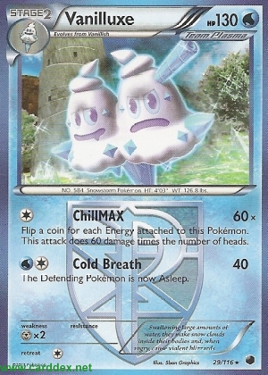 Kosten: Wirf für jede an dieses Pokémon angelegte Energie 1 Münze. Dieser Angriff fügt 60 Schadenspunkte mal der Anzahl „Kopf“ zu.  Schaden:
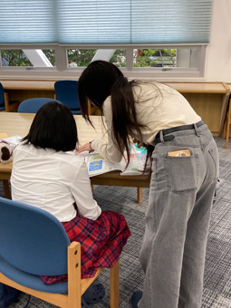 これは本校の卒業生が、在学生の放課後学習を支援するという取り組みです。宿題や授業で習ったけれどもわからないところを優しく教えてくれます。在学生にとっては「6年間でこんな風に私もなりたい!」と憧れる機会に、卒業生にとっては「私もこんなころがあったなあ」と懐かしむ機会になってくれればいいなと思います。
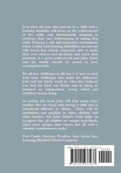 "Your son has learning difficulties." This, we were told when our son, Robin, was 2 1/2 years old. The book describes our experiences, good and bad, all through his childhood and into adulthood. How his behaviour varied from his siblings', how friends and family reacted. And about what we accomplished and where we failed. The idea of writing this book was that it might be useful for parents in the same situation we faced fifty years ago. We, my wife, Jane, and I benefitted by meeting and learning from the experiences of other parents. So, here it is. I sincerely hope it will help you in some way in the tremendous task you may be facing.
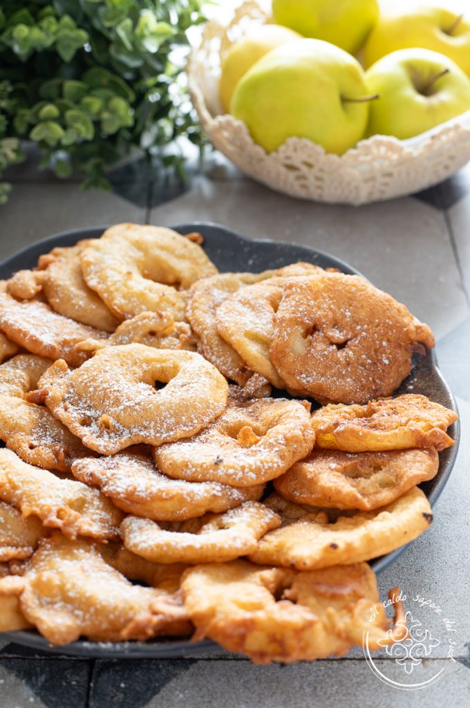 Grandma’s apple fritters recipe — or rather my Trentino grandmother’s, who also made a wonderful apple cake and apple desserts. The super quick apple fritters, in batter, soft and indulgent are an economical and wholesome dessert and can be an ideal snack to prepare in just a few minutes. They can also be part of an original breakfast. These little treats are easy to make because the apple fritters recipe is really very quick and requires few ingredients, like apple and jam puff pastries or the apple braid with puff pastry.
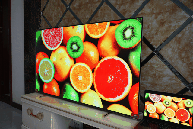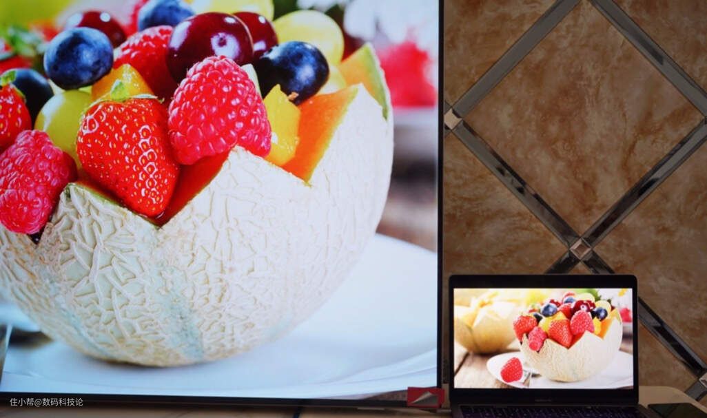 从实际视觉效果来看,飞利浦55OLED784/T3智能电视机的色彩显示效果一点不输苹果的MacBook Pro的Retina屏幕,而整体亮度上,飞利浦55OLED784/T3智能电视机也更高。下面是不同角度下观看的动态演示,几乎看不到观看角度变化带来的色差和亮度差异。
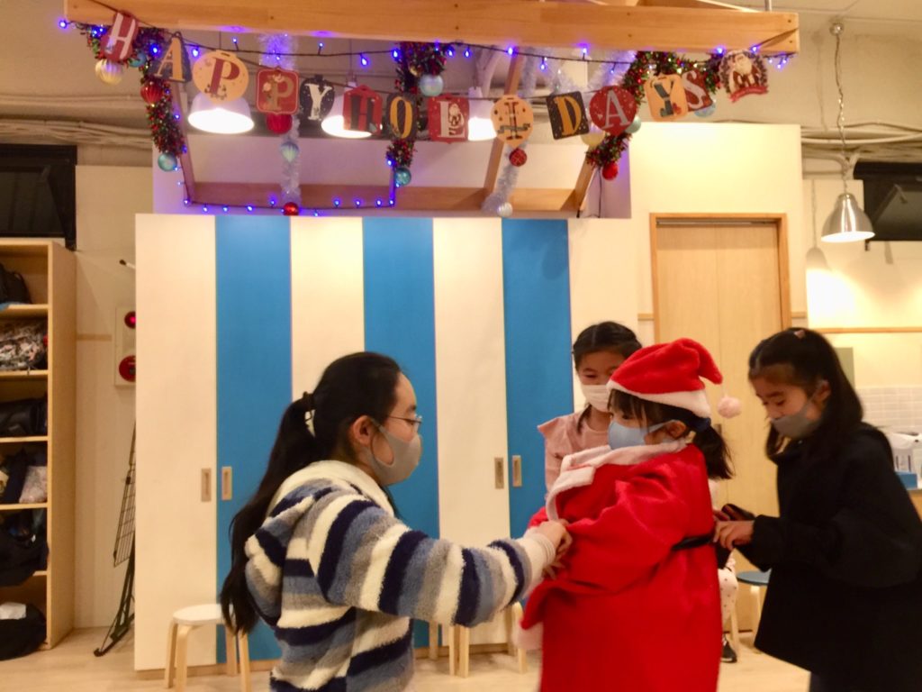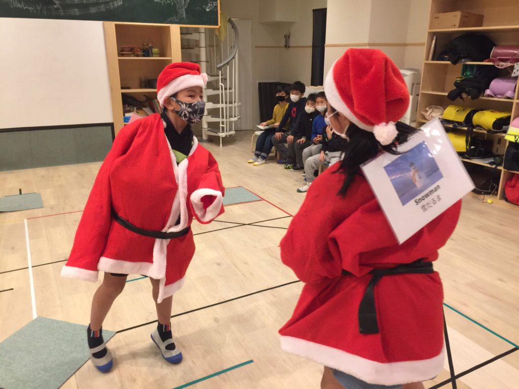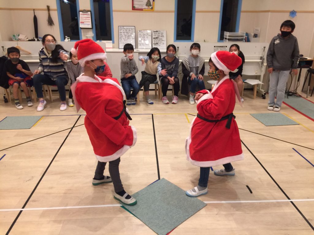 今日のMain game(メインゲーム)はクリスマス限定のVocabulary Sumoです。 サンタのコスチュームをどのチームよりも早く着て準備をし、相手チームが持っている単語を当て、時間内に中心に置いてあるマットに立っていた人が勝ちです。

* * * * * * * * *

● **What is needed**: Everything from the first line of the listing above through the line that contains "これは本校の卒業生が、在学生" is to be restated word for word, minus the pictures.

● **Result of the exercise**:
 Kosten: Wirf für jede an dieses Pokémon angelegte Energie 1 Münze. Dieser Angriff fügt 60 Schadenspunkte mal der Anzahl „Kopf“ zu.  Schaden:
 これは本校の卒業生が、在学生の放課後学習を支援するという取り組みです。宿題や授業で習ったけれどもわからないところを優しく教えてくれます。在学生にとっては「6年間でこんな風に私もなりたい!」と憧れる機会に、卒業生にとっては「私もこんなころがあったなあ」と懐かしむ機会になってくれればいいなと思います。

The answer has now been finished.